Robert Gardner, chief economist of the Nationwide, says: “Activity has picked up from the weak levels prevailing towards the end of 2023 but remain relatively subdued by historic standards. For example, the number of mortgages approved for house purchase in January was around 15% below pre-pandemic levels. 

“This largely reflects the impact of higher interest rates on affordability. While mortgage rates are below the peaks seen in mid-2023, they remain well above the lows prevailing in the wake of the pandemic

“With cost-of-living pressures easing as inflation moves back towards target, consumer sentiment is improving. Indeed, surveyors report a pickup in new buyer enquiries and new instructions to sell in recent months. 

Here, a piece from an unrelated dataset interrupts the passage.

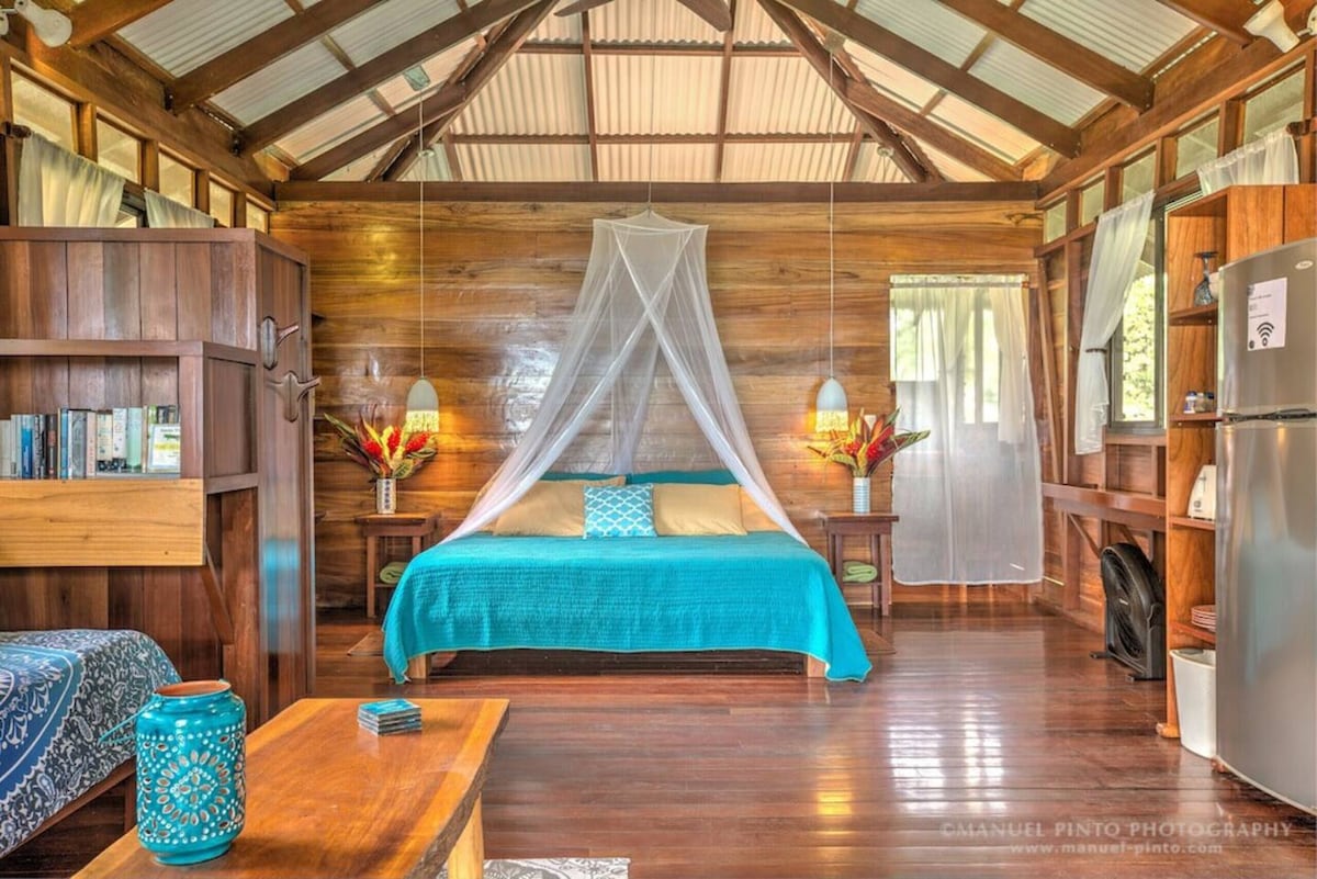 Opustite se na ovom jedinstvenom i mirnom odmoru usred karipske džungle i samo 5 minuta vožnje od plaže Cocles. Nudimo zaseban bungalov odakle možete da se opustite sa veličanstvenim pogledom na džunglu i njene divlje životinje. Oni će imati mogućnost da vide tukane, velike zelene limpete, oropendole, lenjivce itd. VAŽNO: pročitajte druge aspekte koje treba napomenuti.

“Moreover, with income growth continuing to outpace house price growth by a healthy margin, housing affordability is improving, albeit gradually.

“If these trends are maintained, activity is likely to gain momentum, though the pace of the recovery is still likely to be heavily influenced by the trajectory of interest rates.”

However Sarah Coles, head of personal finance at business consultancy Hargreaves Lansdown, says: “We’re still a long way from the kind of bounce sellers were hoping for in the spring. Mortgage approval levels are still around 15% lower than before the pandemic. 

“When you consider how many new For Sale signs have been going up around the country, it means sellers may still struggle to shift their properties. Zoopla figures out last week showed that the stock of properties is up by a fifth, and they’re accepting an average discount of £10,000.

“Meanwhile, mortgage rates are still rising. According to Moneyfacts, at the end of February, the average  two-year rate was 5.75% and by the end of March it was 5.8%. This is hardly a spectacular ascent, but means anyone who was waiting for better rates to emerge will still be sitting on their hands.”